Exercise details - From the material below, retype exactly the lines that begin at the line with "圖中墻面的混搭手法是把長方形" and end after the line with "1938 Hungary –"; pictures stay out of the copy.

Records to process -
*** Block opens ***

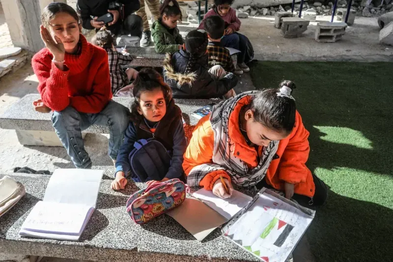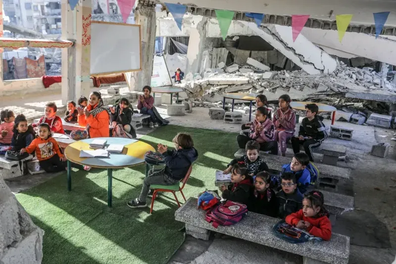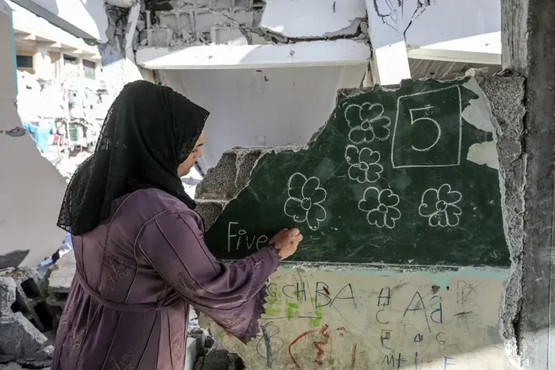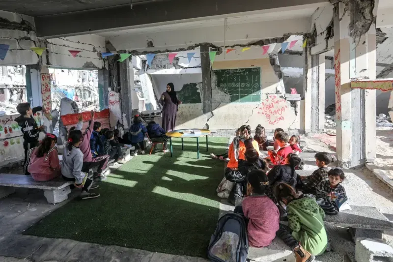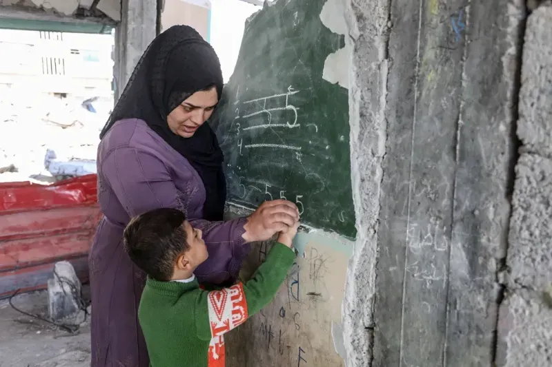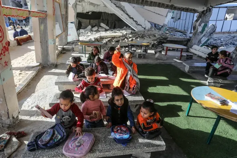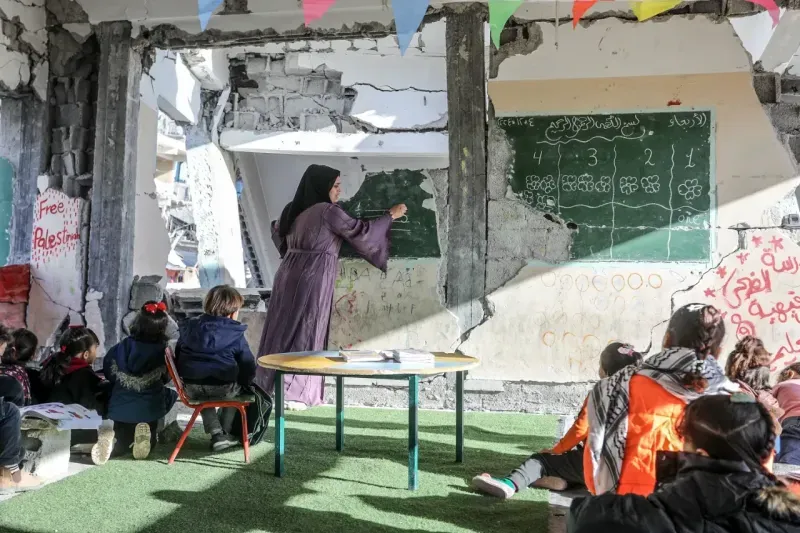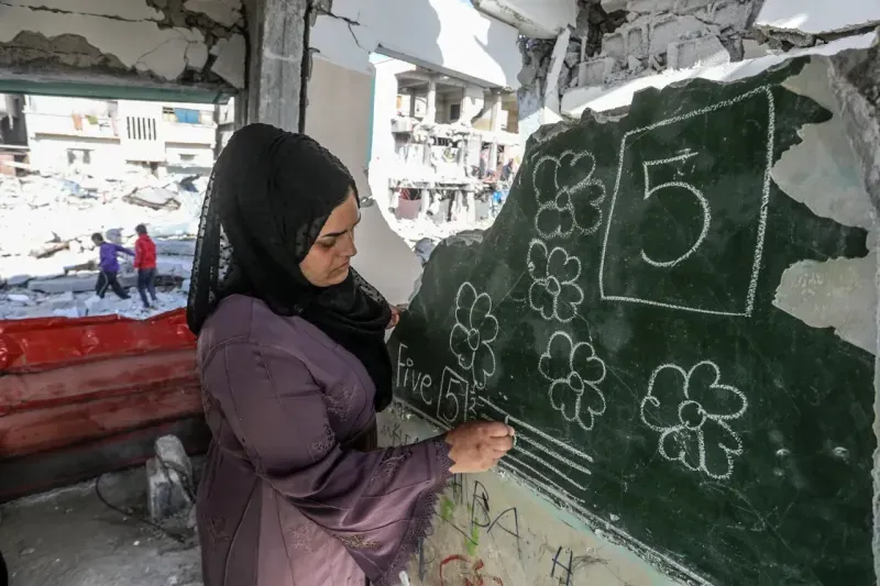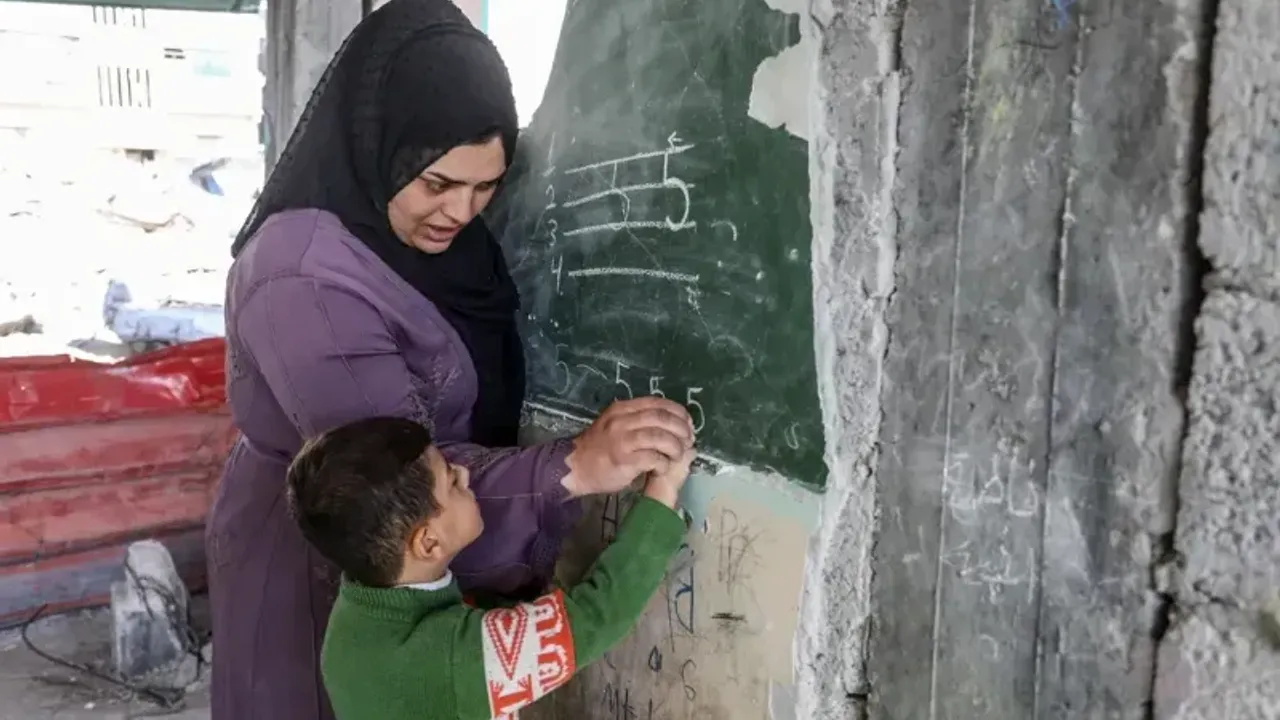 Filistinli öğretmen Doha el-Attar (30), İsrail ordusunun Gazze Şeridi'nin güneyindeki Han Yunus kentine düzenlediği saldırılarda büyük bölümü yıkılan okulun enkazında öğrencilere ders vermeye devam ediyor. Öğretmen Attar, kısıtlı ve zor şartlara rağmen öğrencilerinin eğitimden mahrum kalmaması için çaba sarf ediyor.
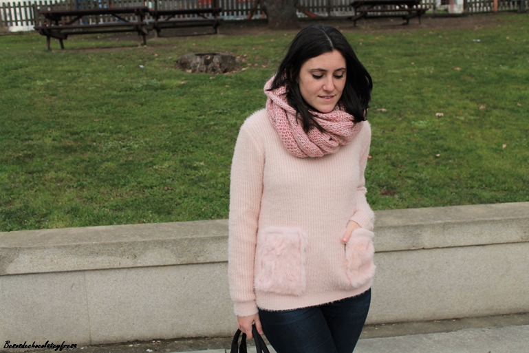 Today I show you a look that you already saw by my social networks that I put this weekend for a quiet Sabbath day. I wear my new sweater in powdered pink that I brought the Magi with plush pockets that make it different and original.
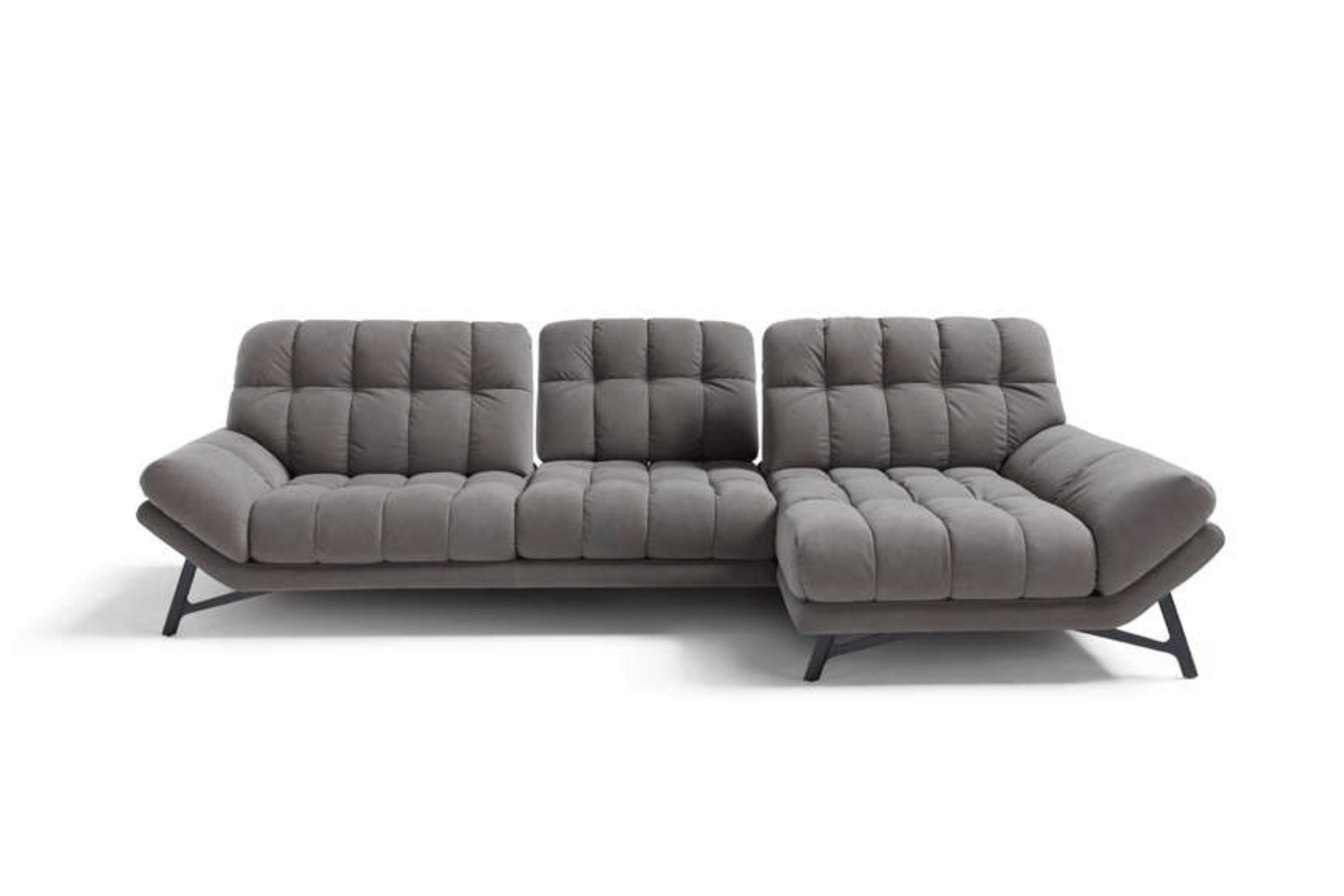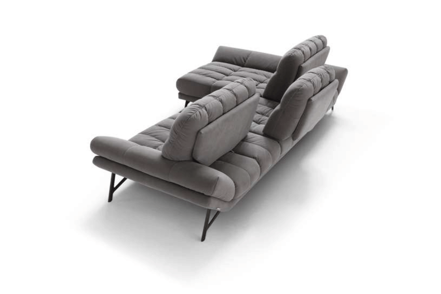 Spigla is an elegant design that focuses on the originality of its shapes. Characterized by a deep quilting on the seat and on the backrest as well as sophisticated details of the metal feet, it features a tilting backrest and inclined armrests that add extra comfort. Available in both leather and fabric covering, as well as with tilting mechanism and fixed backrest with reduced depth, it offers the possibility of configuring sofas in various sizes and in combination with chaise lounges.
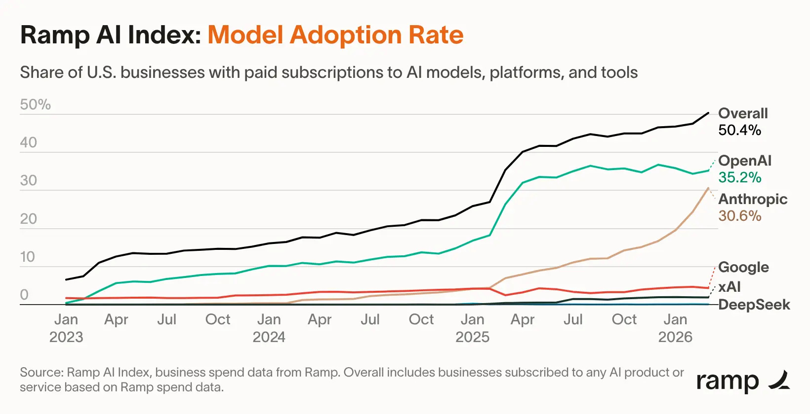 Ramp AI Index shows business AI adoption crossed 50% for the first time in March, up from 35% a year ago. Anthropic adoption has surged since January, despite the Defense Department designating it a security risk.
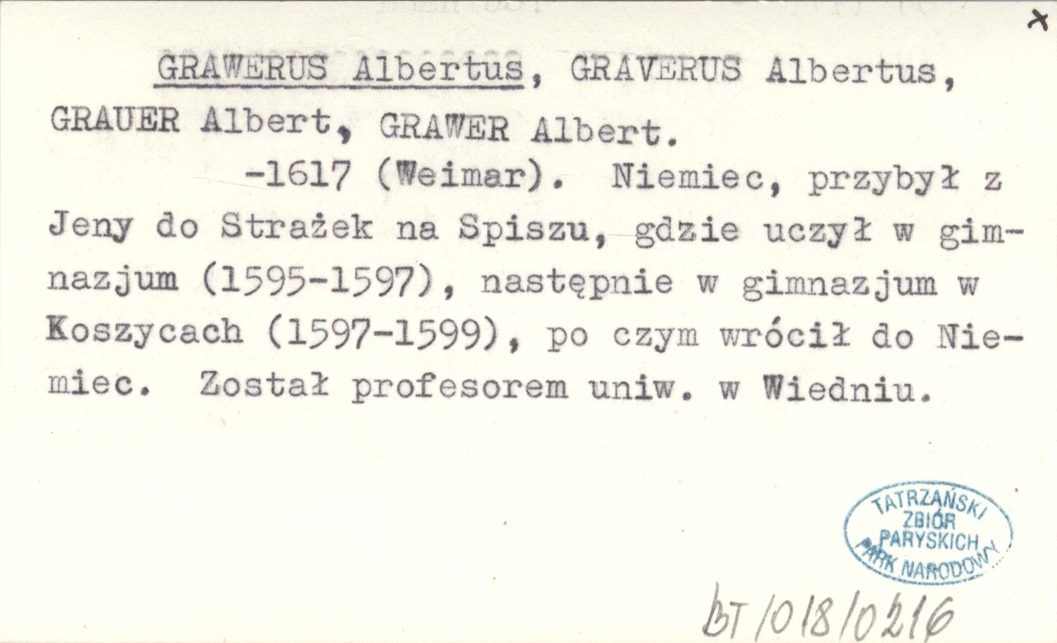 GRAVERUS Albertus ; GRAUER Albert ; GRAWER Albert GRAWERUS Albertus
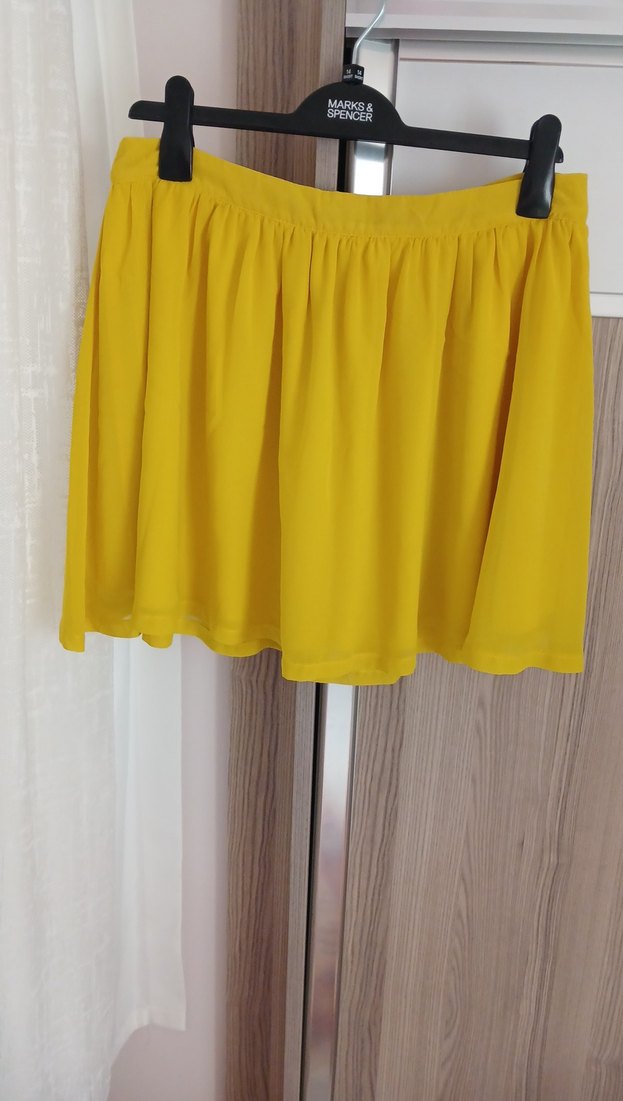 Sarı renkte piliseli midi kadın etek, bol kesimdir. Parlak ve sentetik kumaştan yapılmış, modern ve ofis kullanımı için uygundur. on bel 42.boy 45 cm.astarlıdır...
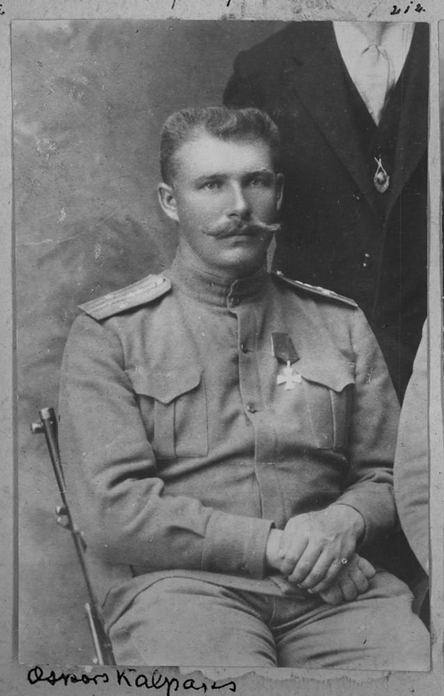 Pulkvedis Oskars Kalpaks dzimis 1882. gada 6. janvārī Meirānu pagasta Visagala "Liepsalās" lauksaimnieka ģimenē. Beidzis Visagala pamatskolu un trīsgadīgo Lubānas ministrijas skolu. Zemkopis. Krievijas impērijas armijā iestājies kā brīvprātīgais 1903. gadā, ieguva labu militāro izglītību Irkutskas karaskolā, mērķtiecīgi veidoja profesionāla virsnieka karjeru, piedaloties Pirmā pasaules kara kaujās. 1818. gadā pēc Krievijas impērijas sabrukuma atgriezās Latvijā, kur viņam tika uzticēta Latvijas zemessardzes latviešu vienības vadīšana. Latvijas bruņoto spēku pirmais virspavēlnieks, Lāčplēša kara ordeņa pirmais kavalieris. Mira no ievainojumiem iegūtiem kaujā uz Skrundas - Saldus ceļa 1919. gada 6. martā pie Airītēm. Portrets.
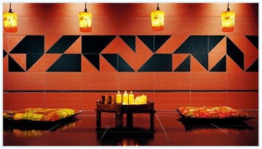 圖中墻面的混搭手法是把長方形的整磚裁切掉一角或兩角,即可形成三角形、梯形、平行四邊形等多種圖案,再把碎磚像七巧板一樣自由組合起來,碎磚的隨意跳躍,加之色彩反差帶來的視覺沖擊力,讓這個多樣混搭的墻面頗有穿上皮衣的那種時尚雍容。這種方法較為煩瑣但并不難,要注意“剪”裁的磚的色彩不要多,避免墻面凌亂無序。
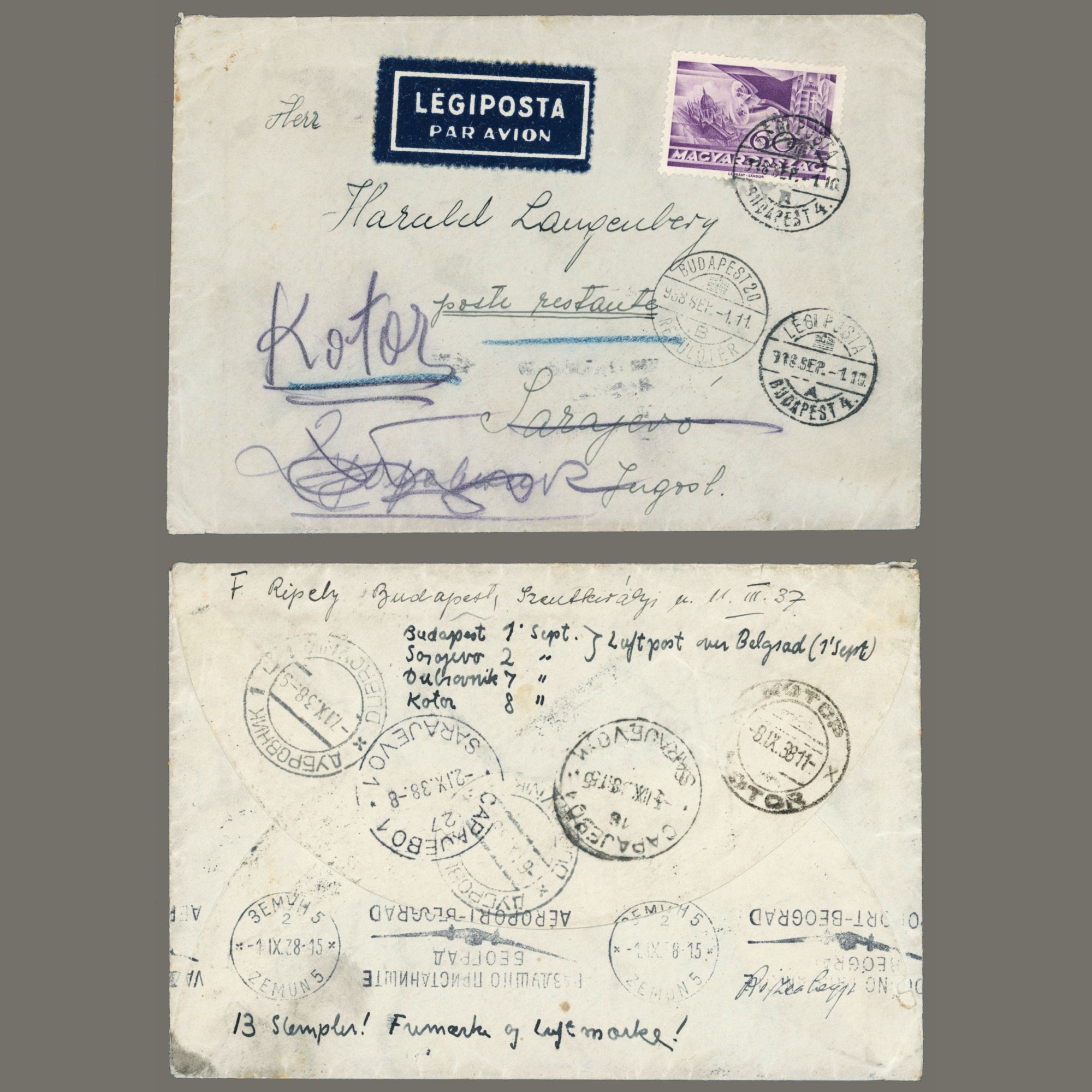 1938 Hungary – airmail cover sent to Yugoslavia, first to Sarajevo and then to Kotor
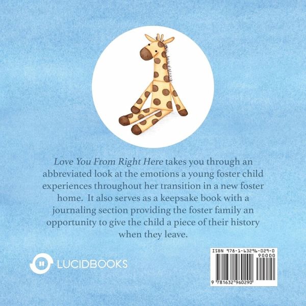 "At CASA, our role is to provide a voice for kids in the foster care system. A book like this is a great tool for our volunteers and for all adults in a foster kid’s life—we highly recommend it!" —Ann McAlpin, Executive Director, CASA Child Advocates of Montgomery County, Texas "This sweet little book is the very one I wish I had when children came and especially when they left. It provides a concrete way to hold an important piece of our shared history. Every person caring for our vulnerable children will want multiple copies." —Kathy Harrison, Author of Another Place at the Table and One Small Boat "I have a new favorite ‘good-bye’ tradition with my foster children. The final pages of the book have room for photos and memories and messages. I plan on re-stocking my supply of this book, as I fully intend on sending this along with every child who leaves my home." —Jamie Finn, Foster Parent, Speaker, Author of "Foster the Family" blog Love You From Right Here is a children’s book for children in foster care. Written from the foster parent to the foster child, it takes you through an abbreviated look at the emotions a young foster child experiences throughout their transition to a new home. The message to the child is that while they are in that home, they will be safe and loved. It also serves as a keepsake book with a journaling section. This portion of the book includes places for photos, journaling lines, and simple writing prompts. Children in foster care move an average of seven times in their lives. The keepsake section of this book gives the foster family an opportunity to provide the child with a piece of their history if they leave.

*** Block closes ***

Written response -
 圖中墻面的混搭手法是把長方形的整磚裁切掉一角或兩角,即可形成三角形、梯形、平行四邊形等多種圖案,再把碎磚像七巧板一樣自由組合起來,碎磚的隨意跳躍,加之色彩反差帶來的視覺沖擊力,讓這個多樣混搭的墻面頗有穿上皮衣的那種時尚雍容。這種方法較為煩瑣但并不難,要注意“剪”裁的磚的色彩不要多,避免墻面凌亂無序。
 1938 Hungary – airmail cover sent to Yugoslavia, first to Sarajevo and then to Kotor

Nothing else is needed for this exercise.